Von düstern Nächten und blassem Mondschein.

Diepenbrooks Theater hätte Asmus wohl ganz wieder zurückgezogen ins warme, rosiggoldene Land der Faulheit, wenn sein Vater nicht gar zu krank gewesen wäre. Ludwig Semper lächelte jetzt nur noch um einer Freude willen, wenn nämlich sein Asmus mit einem neuen Erfolge aus der Schule heimkam, wenn er bei Herrn Cremer der einzige gewesen war, der eine geometrische Aufgabe löste, oder wenn Herr Bendemann, jener Herr Bendemann mit den geraden grauen Augen, der aussah, als wenn seine Vorfahren zwanzig Generationen hindurch preußische Beamte gewesen wären, und der Asmus einmal so genau wie ein Richter nach seinen Personalien gefragt hatte, wenn also jener Herr Bendemann mit dem überhangenden Schnauzbart gesagt hatte: Asmus Semper hat den besten Aufsatz geschrieben. Und Asmus erzählte dergleichen seinem Vater, weil er wußte, daß er dann trotz aller Qualen lächelte. Aber Ludwig Semper war so unvernünftig lange krank und arbeitsunfähig, daß ihm die Krankenkasse endlich keine Unterstützung mehr zahlte. Da fing das längste und härteste Elend der Semper an. Die Zeiten waren wieder schlechter geworden, und was man ohne Ludwigs Hülfe verdiente, das reichte höchstens für die Hälfte der Woche. Die Rippen, die aus den Tabaksblättern herausgezogen wurden, durften die Hausarbeiter zu eigenem Nutzen verkaufen, und sobald sich ein Häuflein angesammelt hatte, stopfte es Asmus in einen Sack und trug es nach einer Fabrik, wo aus den Rippen Pfeifentabak gemacht wurde. Da hieß es dann gewöhnlich: »Wir haben mehr als genug, wir können keine brauchen.« Dann sagte Asmus offen heraus: »Kaufen Sie mir sie nur ab, bitte, wir haben kein Geld mehr.« Dann berieten die Arbeiter untereinander, ob sie es gegen das Verbot ihres Fabrikanten wagen dürften, und sie hatten Mitleid mit ihm und nahmen sie ihm ab, und seelenfroh brachte er die drei oder vier Groschen seinen Eltern ins Haus. Mit Borgen und Sorgen schleppten sich die Sempers hin; als aber Ludwig noch immer nicht gesundete und darum in der Arbeit eins und das andere versehen wurde, da nahm ihm der Fabrikant die Arbeit und gab sie einem andern. Die »Bude flog auf«; die Sempersche Akademie der Wissenschaften und schönen Künste löste sich auf für immer.

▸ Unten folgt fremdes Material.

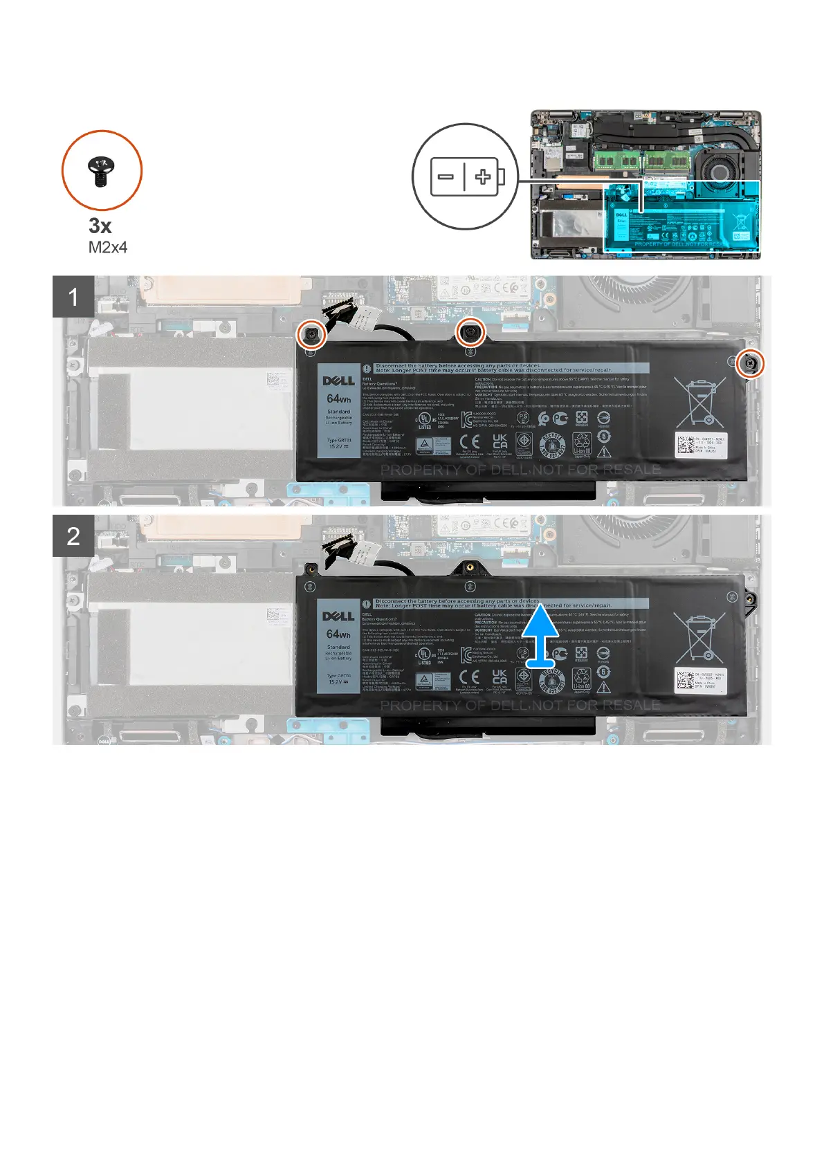 2. Remove the three screws (M2x4) that secure the 4-cell battery to the palm-rest and keyboard assembly.

Wohl verdienten Johannes und Alfred ihr Brot außer dem Hause, und Asmus half hie und da in einer Kneipe beim Kartoffelschälen und Kegelaufsetzen; aber das reichte bei weitem nicht für sieben. Mit bangen Blicken betrachtete Rebekka Semper den neuen Gerichtsvollzieher, der in den Ort gekommen war und der wegen der rückständigen Steuer gemahnt hatte. Und er sah auch drohend genug aus: Lang, hager und steif wie ein Ladestock, mit grauen, buschigen Brauen und grauem, buschigem Schnauzbart, und sein Blick durchbohrte wohl eine ganze Schwadron auf einmal. Er war auch lange, lange Zeit Wachtmeister gewesen. »Das ist so'n richtiger Preuße!« sagte Rebekka, »der sieht aus, als wenn's ihm Spaß machte, den Leuten das letzte Hemd zu nehmen.« Sie mochte die Preußen nicht und meinte, »wir wären besser unterm Dänen geblieben. Da bezahlte man einen Schilling Kopfsteuer und damit basta.«

Vor dem Gerichtsvollzieher aber kam noch ein anderer, das war der fette Brotmann, der immer so aussah, als ob er heimlich noch etwas anderes betriebe. Der wollte sein Geld haben. Als Ludwig ihn ersuchte, zu warten, weil er jetzt nichts habe, da traf der Mann die schwächste, empfindlichste Stelle der Sempers. Er zeigte nach der Gitarre des Johannes, die an der Wand hing, und rief höhnisch: »Soo? Sie haben doch Geld für solcherlei dummes Zeug!«

Da wuchs Ludwig Semper so hoch empor, wie ihn Asmus noch nie gesehen hatte. Er war aufgestanden, zeigte nach der Tür und rief.

»Scheren Sie sich augenblicklich hinaus!«

»Jawohl, auch noch hochnäsig! Na, warten Sie – Sie werden von mir hören!« rief der Mahner; aber dann war er auch schon draußen, weil es ihm unter den Blicken des Alten doch nicht ganz wohl zu Mute war.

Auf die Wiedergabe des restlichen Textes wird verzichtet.